【背景・目的】関節軟骨は、軟骨細胞から合成・分泌されるコラーゲンなどの軟骨基質により形成され、スムーズな関節の動きを可能にする。ところが、関節内の慢性的炎症や力学的な過負荷、加齢など複合的な要因により変形性膝関節症（Osteoarthritis；OA）を発症すると、軟骨基質が消失して激しい痛みと運動障害が生じる。これまでに、OAモデル動物由来の軟骨細胞において細胞内Ca²⁺濃度（[Ca²⁺]_i）上昇とOAの進行が関連することが報告されているが、どのようにして[Ca²⁺]_iが上昇するかは不明である。本研究では、マウス初代培養軟骨細胞を用いて、OA時に[Ca²⁺]_iが上昇するメカニズムの解明を目指した。

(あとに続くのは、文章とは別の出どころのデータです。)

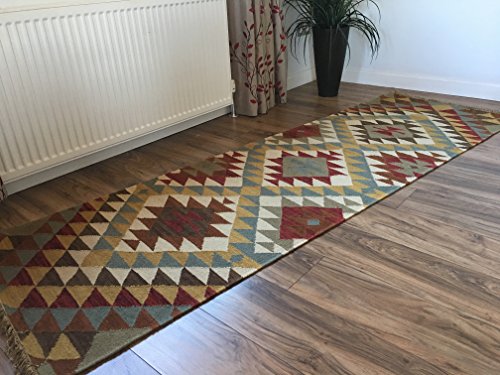 Kazak geometrico tessuto piatto in iuta passatoia kilim - 75 cm x 240 cm
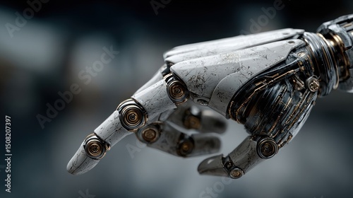 Robot hand touching legal compliance interface, emphasizing standards, governance strategies, innovation, and adaptability within digital frameworks

【方法・結果】C57BL/6マウスより単離した初代培養軟骨細胞において、OA時の滑液中に分泌される主要な炎症性サイトカインであるIL-1β（Interleukin-1β, 10 ng/mL）を処置してOA時の軟骨細胞を模倣した。IL-1β処置した軟骨細胞では、静止時の[Ca²⁺]_iが有意に上昇していた。さらに、電位依存性K⁺チャネルの一種であるKv1.6の発現および膜電流が減少し、膜電位が脱分極することが明らかになった。L型電位依存性Ca²⁺チャネル（Voltage-Dependent Ca²⁺ Channel；VDCC）の阻害薬であるニフェジピンにより、静止時の[Ca²⁺]_iが有意に低下した。また、IL-1βによって誘導される細胞死は、ニフェジピンにより抑制された。
【結論】OA時に観察される[Ca²⁺]_i上昇は、Kv1.6活性の減弱による脱分極とそれによるL型VDCCを介した[Ca²⁺]_i流入によって生じると考えられる。持続的な[Ca²⁺]_i上昇は軟骨細胞の細胞死を誘導して、OAの進行に寄与すると推測される。